**What is expected**
Look through the entries below and copy exactly the part that begins with the line containing "4月9日,中國第二次青藏高原" and ends with the line containing "中国人的餐桌上,少不了酒。这". Do not copy the pictures.

**Source data**
====================

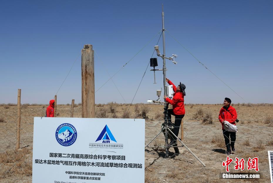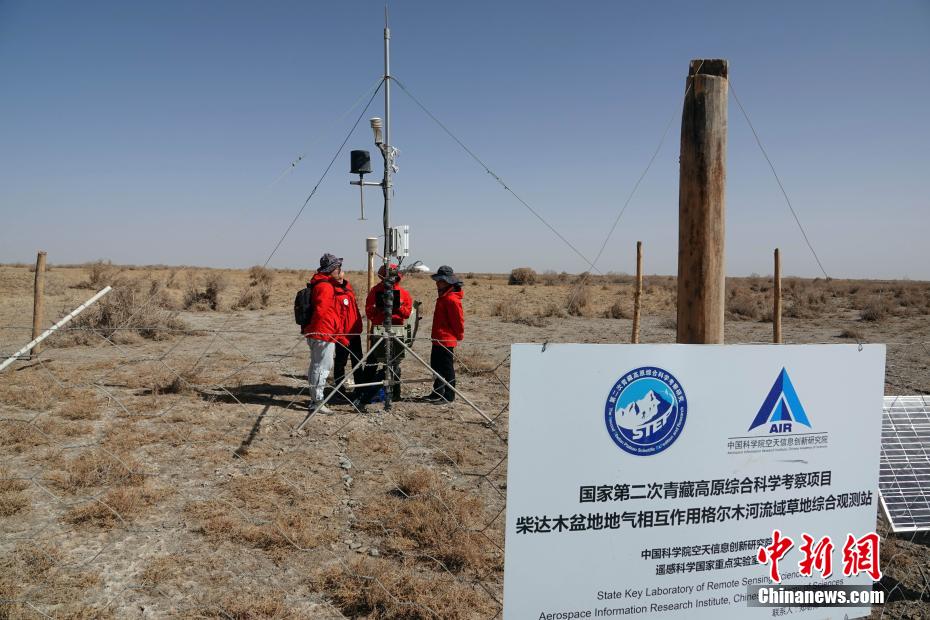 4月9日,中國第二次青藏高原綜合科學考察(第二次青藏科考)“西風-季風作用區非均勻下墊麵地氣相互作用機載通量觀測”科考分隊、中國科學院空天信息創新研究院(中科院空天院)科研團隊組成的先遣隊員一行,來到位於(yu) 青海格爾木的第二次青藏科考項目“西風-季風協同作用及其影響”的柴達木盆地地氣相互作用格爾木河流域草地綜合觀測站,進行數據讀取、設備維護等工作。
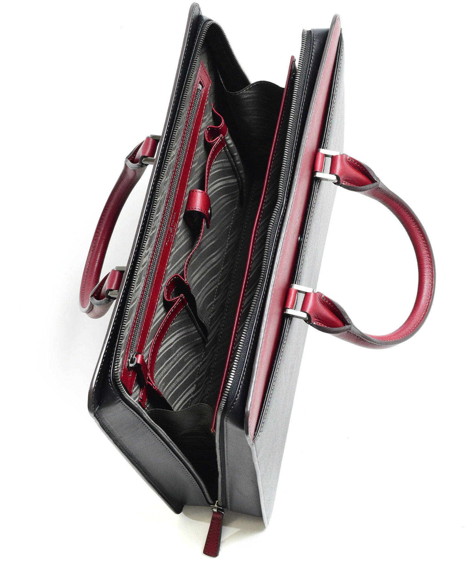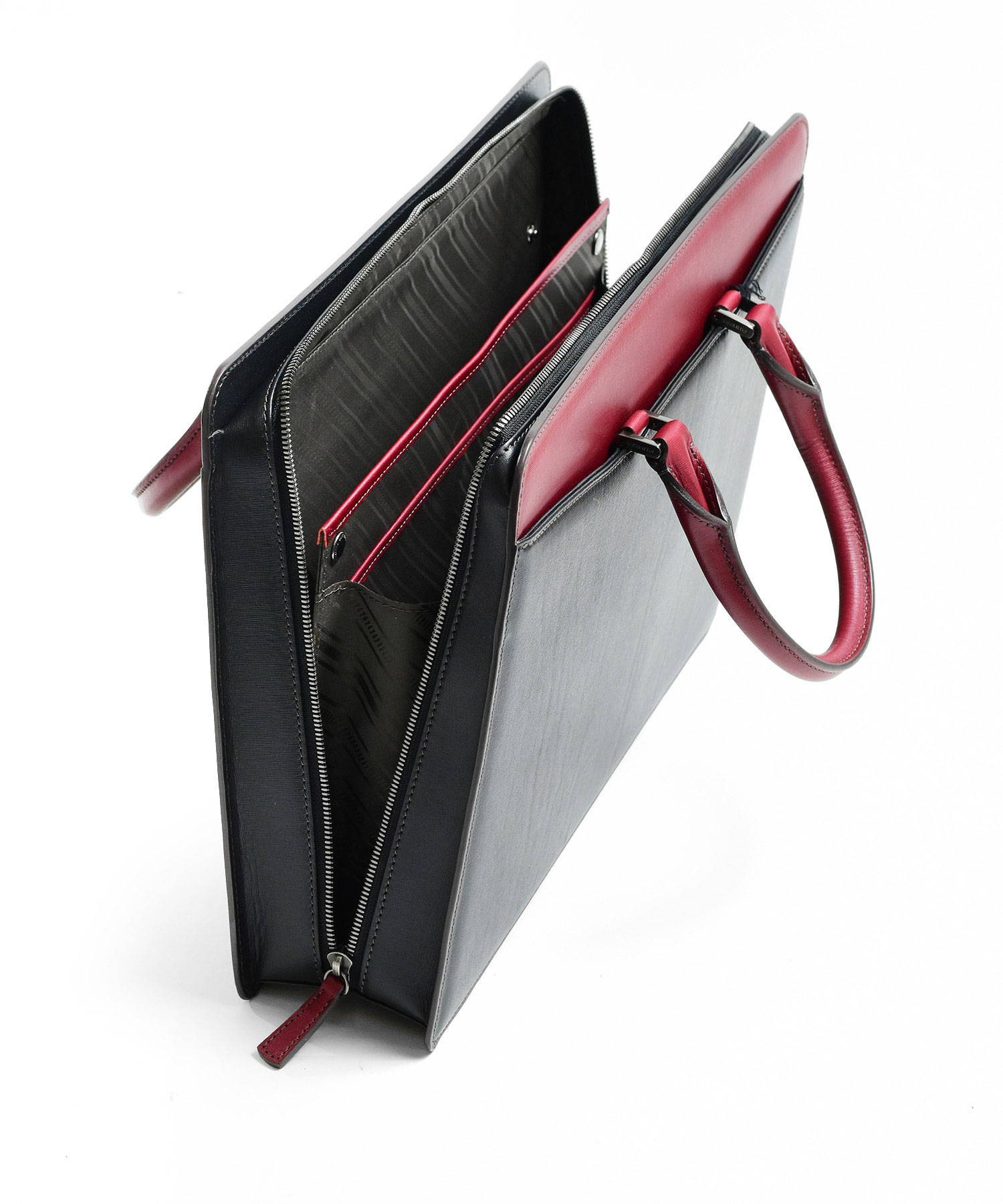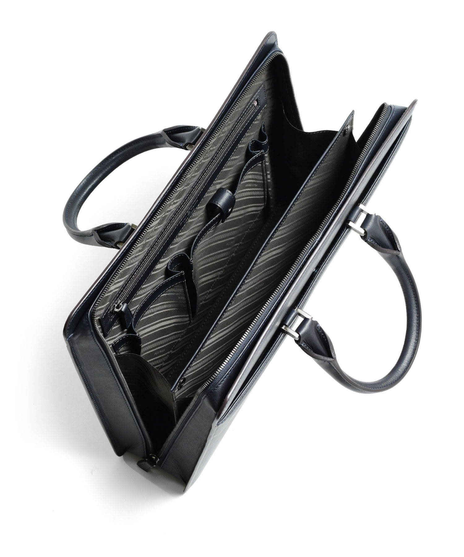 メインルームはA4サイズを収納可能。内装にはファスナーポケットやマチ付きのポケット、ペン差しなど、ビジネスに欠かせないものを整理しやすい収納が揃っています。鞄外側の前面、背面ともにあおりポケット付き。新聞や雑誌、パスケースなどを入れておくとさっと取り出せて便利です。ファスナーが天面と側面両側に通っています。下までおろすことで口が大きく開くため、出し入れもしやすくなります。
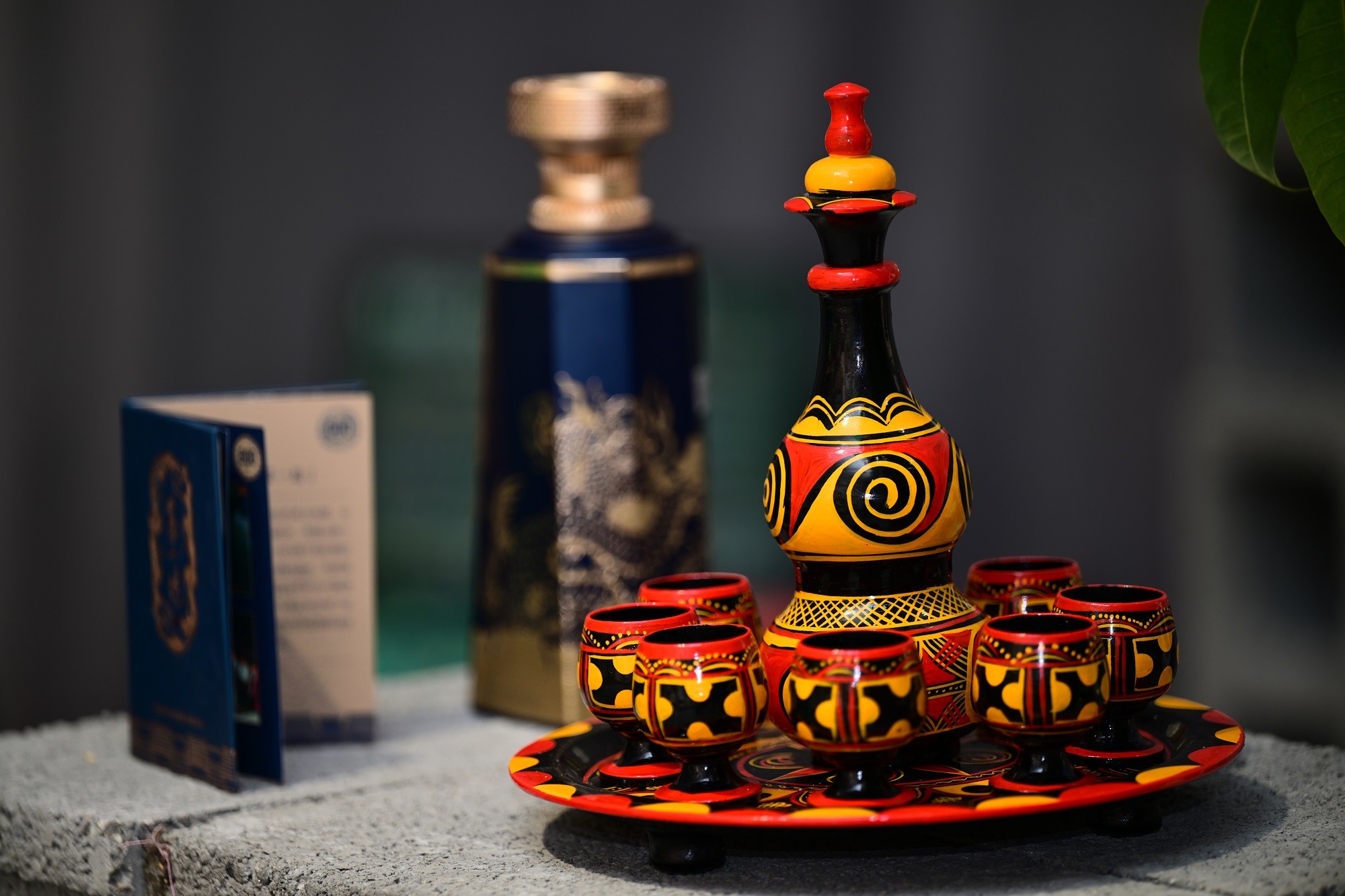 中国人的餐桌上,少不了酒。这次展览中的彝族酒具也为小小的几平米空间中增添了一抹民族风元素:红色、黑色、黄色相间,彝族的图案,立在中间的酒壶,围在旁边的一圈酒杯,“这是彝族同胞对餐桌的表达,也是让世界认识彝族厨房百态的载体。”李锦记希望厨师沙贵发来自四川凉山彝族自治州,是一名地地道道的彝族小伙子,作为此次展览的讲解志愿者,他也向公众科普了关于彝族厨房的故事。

====================

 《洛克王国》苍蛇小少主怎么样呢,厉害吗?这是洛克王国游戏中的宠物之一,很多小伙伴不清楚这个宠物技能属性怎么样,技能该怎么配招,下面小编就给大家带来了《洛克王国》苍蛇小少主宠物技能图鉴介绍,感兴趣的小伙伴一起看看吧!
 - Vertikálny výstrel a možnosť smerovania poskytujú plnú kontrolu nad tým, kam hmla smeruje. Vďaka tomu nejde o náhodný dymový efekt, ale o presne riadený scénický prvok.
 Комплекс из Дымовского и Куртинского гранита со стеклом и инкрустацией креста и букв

====================

**Problem solution**
 4月9日,中國第二次青藏高原綜合科學考察(第二次青藏科考)“西風-季風作用區非均勻下墊麵地氣相互作用機載通量觀測”科考分隊、中國科學院空天信息創新研究院(中科院空天院)科研團隊組成的先遣隊員一行,來到位於(yu) 青海格爾木的第二次青藏科考項目“西風-季風協同作用及其影響”的柴達木盆地地氣相互作用格爾木河流域草地綜合觀測站,進行數據讀取、設備維護等工作。
 メインルームはA4サイズを収納可能。内装にはファスナーポケットやマチ付きのポケット、ペン差しなど、ビジネスに欠かせないものを整理しやすい収納が揃っています。鞄外側の前面、背面ともにあおりポケット付き。新聞や雑誌、パスケースなどを入れておくとさっと取り出せて便利です。ファスナーが天面と側面両側に通っています。下までおろすことで口が大きく開くため、出し入れもしやすくなります。
 中国人的餐桌上,少不了酒。这次展览中的彝族酒具也为小小的几平米空间中增添了一抹民族风元素:红色、黑色、黄色相间,彝族的图案,立在中间的酒壶,围在旁边的一圈酒杯,“这是彝族同胞对餐桌的表达,也是让世界认识彝族厨房百态的载体。”李锦记希望厨师沙贵发来自四川凉山彝族自治州,是一名地地道道的彝族小伙子,作为此次展览的讲解志愿者,他也向公众科普了关于彝族厨房的故事。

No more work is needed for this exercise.